Summary: We asked expats in Ecuador for advice for newcomers. From cost of living to what to bring to culture shock, their insight is a must read for anyone thinking about moving to Ecuador.

Carolina Park in Quito, Ecuador
Carolina Park in Quito, Ecuador

If you're thinking about moving to Ecuador, you may want to explore the coastal cities of Salinas and Guayaquil or the cooler cities of Quito and Cuenca. Before you go, read what expats have to say about moving to Ecuador.

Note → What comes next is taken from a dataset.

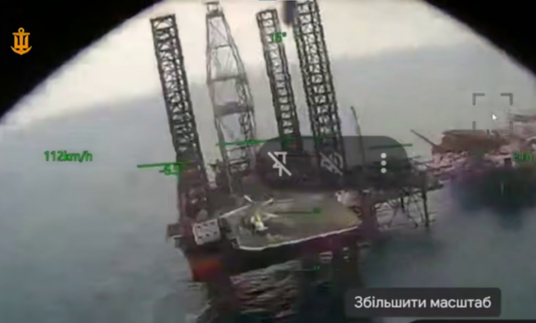 На кадрах видно, що спочатку по платформі вдарили морські дрони. Після цього ворогу, який знаходився на платформі, терміново знадобився гелікоптер, який невдовзі прилетів.

Advice for Newcomers to Ecuador

"I have a close friend who is going to move here. He loved his visit here a couple of months ago. I told him that the culture is very different form the US but that is true anywhere in the world. The only way to learn is through immersion into the life here. I took a job consulting for the municipio, another side task of teaching the local kids in our barrio English and I applied to teach at the local University. The more active I am, the faster I get what is going on here. Ibarra is no Quito; it is like most other towns in Ecuador, just a little larger at 150,000 people. My Spanish is constantly improving. Our farm is becoming more productive, our list of freinds is growing. But it all takes lots of time and personal investment of yourself," said one expat who moved to Ibarra, Ecuador.

"I'd say if you are retired and wanting a nice beach area where the views are exceptional. Yes this maybe the place for you. But there are many cities along the coast that you may like better. One plus for us is we live very close to the main mall here, walking distance and we really like that as in the past it would take us all day of shopping when we lived in Montanita. P.S. Just lessons learned would only bring down only what you absolutely need. Shipping items to here is very expensive and a real pain in the butt. Would not recommend that unless you absolutely need to," mentioned another expat when asked about moving to Ecuador.

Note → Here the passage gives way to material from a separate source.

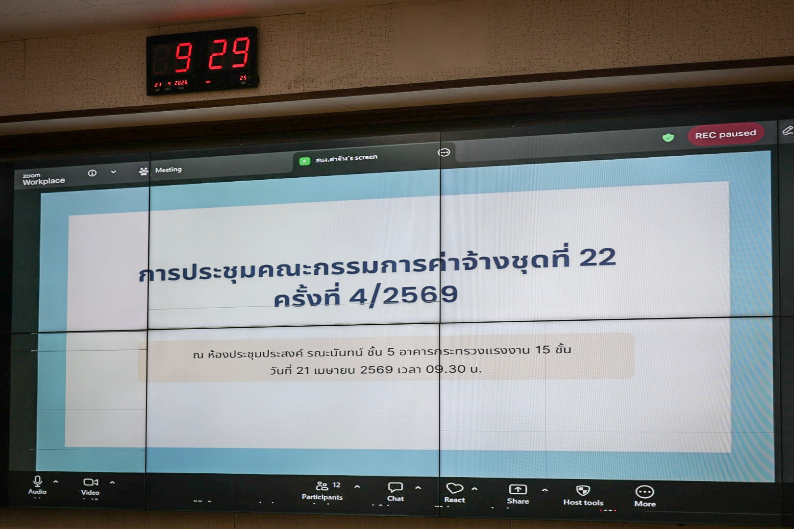 วันที่ 21 เมษายน 2569 เวลา 09.30 น. พันตำรวจโท วรรณพงษ์ คชรักษ์ ปลัดกระทรวง เป็นประธานการประชุมคณะกรรมการค่าจ้าง ครั้งที่ 4/2569 โดยมี เรือเอก สาโรจน์ คมคาย อธิบดีกรมสวัสดิการและคุ้มครองแรงงาน และคณะกรรมการค่าจ้าง ประกอบด้วย ผู้แทนจากฝ่ายนายจ้าง ผู้แทนจากฝ่ายลูกจ้าง และผู้แทนจากฝ่ายรัฐบาล เข้าร่วมการประชุม ณ ห้องประชุมประสงค์ รณะนันทน์ ชั้น 5 อาคารกระทรวงแรงงาน

"Bring comfortable shoes and get ready to live in a physically splendid environment. The people are gentle. Like any foreign culture, it is deceptively similar to America, but the little differences can sink you if you aren't totally flexible. Stay away from ex-pats, as a rule," commented one expat who made the move to Ecuador.

Culture Shock in Ecuador

We asked expats about the culture shock they experienced when they moved to Ecuador. They replied:

"It has been a little frustrating to not know enough of the language yet, but that is our problem not the locals. We are learning and we will learn to be fluent or at least fluent enough to live here without feeling uncomfortable. If you say hello to people you pass and smile, you get the same in return. Smiles go a long way and we are making more and more Ecuadorian friends," said one expat who moved to Bahia de Caraquez, Ecuador.

"Not at all. We have traveled in Central and South America often, and visited Ecuador for extended periods in advance of the move," mentioned another expat when asked about moving to Ecuador.

"Massive. The family culture is suffocating - living with my in-laws felt like being rolled up inside a carpet. The constant prodding and pushing, the basic inability to give me space to do my reading - Ecuadorians as a group have no appreciation of the written word - just about drove me out of my mind. After three months in Quito, my wife and I escaped to Cuenca, which is a superior destination any way you measure it. Notably, after eight years in the US, she couldn't handle the family scene, either. Arriving with only the most rudimentary Spanish exacerbated the situation greatly. I felt like a sack of potatoes being trundled here and there with no clear idea of where I was going or what was going to happen to me upon arrival," commented one expat who made the move to Ecuador.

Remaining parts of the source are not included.